◆ What to do
Return the data below unchanged, without images.

◆ Data supplied
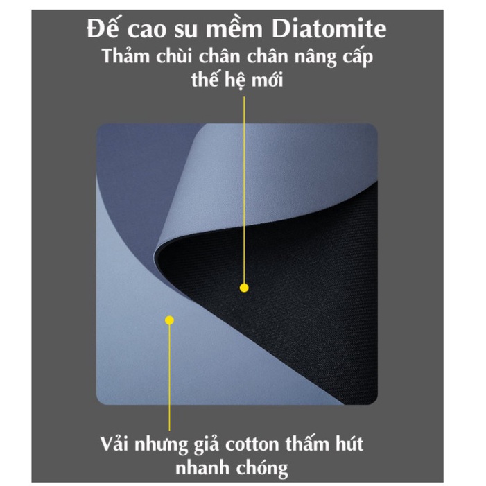 - Không trơn trượt, an toàn cho người già và trẻ nhỏ. Vật liệu Diatomite với những lỗ siêu nhỏ có khả năng tự thấm, hút ẩm siêu nhanh và ngay lập tức giải phóng lượng ẩm này vào không khí
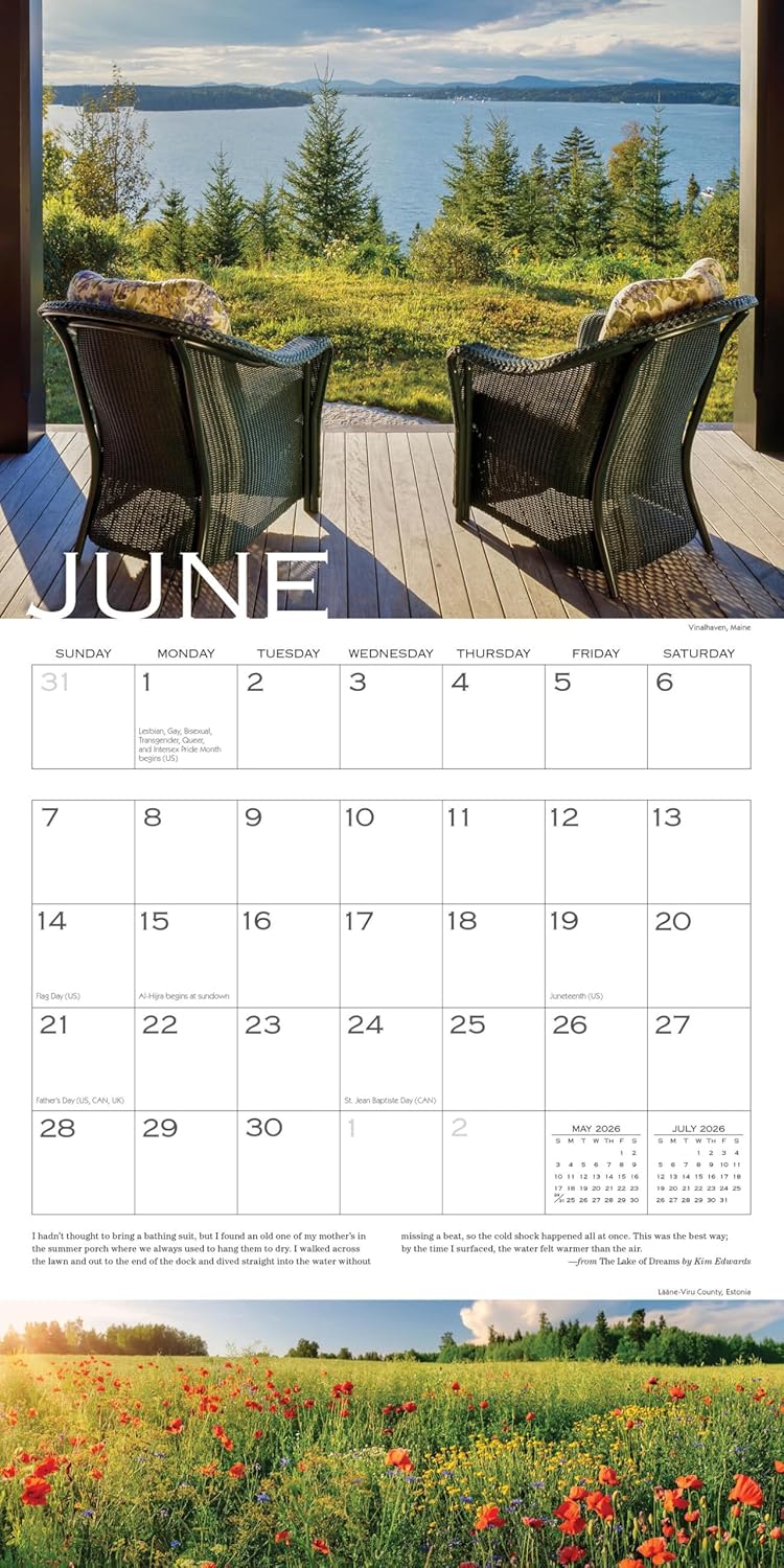 KICK BACK AND RELAX: Settle in with these tranquil porches, verandas, patios, and terraces. Each month brings a different locale and an evocative porch-themed quote! THE GIFT OF A DEEP BREATH: Great for travelers, home design and décor fans, nature-lovers, and anyone who needs a little quiet time. NOW PLASTIC-FREE!: Workman wall calendars are completely plastic-free! Now printed with an extended paper flap closed with a fully recyclable seal—no more shrink-wrap!
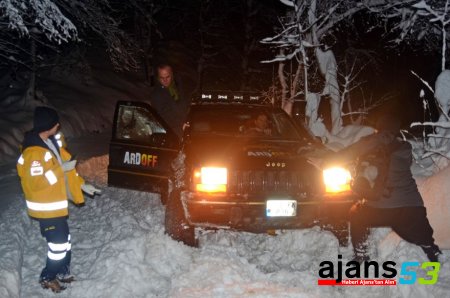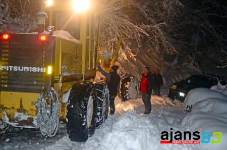 Fındıklı ilçesinde etkili kar yağışı nedeniyle yolu kapanan köyde mahsur kalan hamile kadın, 3 saatlik çalışmanın ardından hastaneye kaldırıldı.
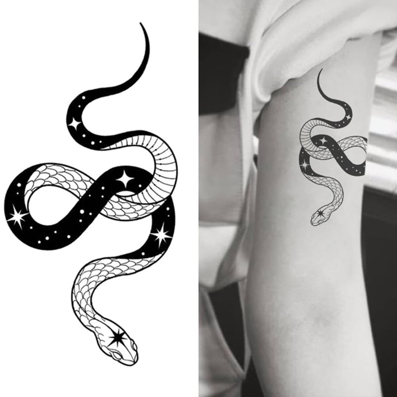 Oottati 2 Sheets Small Tiny Temporary Tattoo Stickers Hand Arm Black Star Snake
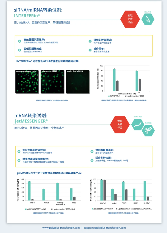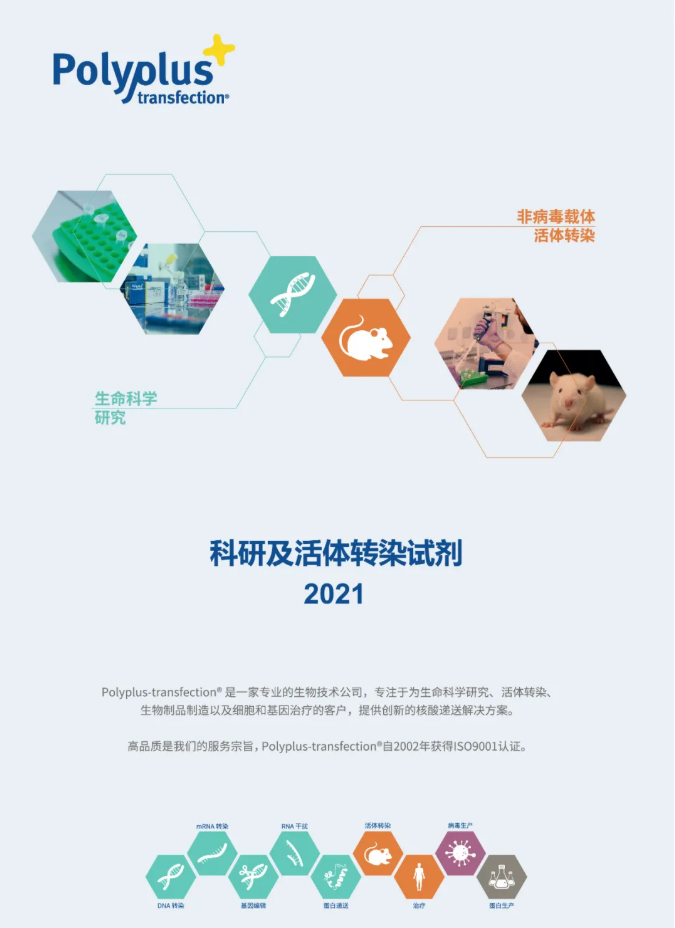 PolyPlus-transfection是一家位于法國(guó)的生物技術(shù)公司,目前已經(jīng)通過(guò)了ISO9001:2000質(zhì)量體系認(rèn)證。該公司擁有20年的的轉(zhuǎn)染試劑研發(fā)經(jīng)驗(yàn),已經(jīng)開(kāi)發(fā)了一系列的轉(zhuǎn)染試劑,如:基因的體內(nèi)和體外轉(zhuǎn)染試劑、寡核苷酸轉(zhuǎn)染試劑和siRNA轉(zhuǎn)染試劑等,可以根據(jù)不同的需要獲得穩(wěn)定或瞬時(shí)的轉(zhuǎn)染效果。并且提供基因和細(xì)胞治療解決方案中關(guān)鍵步驟GMP級(jí)別高質(zhì)量的轉(zhuǎn)染試劑。

◆ Solution for this task
 - Không trơn trượt, an toàn cho người già và trẻ nhỏ. Vật liệu Diatomite với những lỗ siêu nhỏ có khả năng tự thấm, hút ẩm siêu nhanh và ngay lập tức giải phóng lượng ẩm này vào không khí
 KICK BACK AND RELAX: Settle in with these tranquil porches, verandas, patios, and terraces. Each month brings a different locale and an evocative porch-themed quote! THE GIFT OF A DEEP BREATH: Great for travelers, home design and décor fans, nature-lovers, and anyone who needs a little quiet time. NOW PLASTIC-FREE!: Workman wall calendars are completely plastic-free! Now printed with an extended paper flap closed with a fully recyclable seal—no more shrink-wrap!
 Fındıklı ilçesinde etkili kar yağışı nedeniyle yolu kapanan köyde mahsur kalan hamile kadın, 3 saatlik çalışmanın ardından hastaneye kaldırıldı.
 Oottati 2 Sheets Small Tiny Temporary Tattoo Stickers Hand Arm Black Star Snake
 PolyPlus-transfection是一家位于法國(guó)的生物技術(shù)公司,目前已經(jīng)通過(guò)了ISO9001:2000質(zhì)量體系認(rèn)證。該公司擁有20年的的轉(zhuǎn)染試劑研發(fā)經(jīng)驗(yàn),已經(jīng)開(kāi)發(fā)了一系列的轉(zhuǎn)染試劑,如:基因的體內(nèi)和體外轉(zhuǎn)染試劑、寡核苷酸轉(zhuǎn)染試劑和siRNA轉(zhuǎn)染試劑等,可以根據(jù)不同的需要獲得穩(wěn)定或瞬時(shí)的轉(zhuǎn)染效果。并且提供基因和細(xì)胞治療解決方案中關(guān)鍵步驟GMP級(jí)別高質(zhì)量的轉(zhuǎn)染試劑。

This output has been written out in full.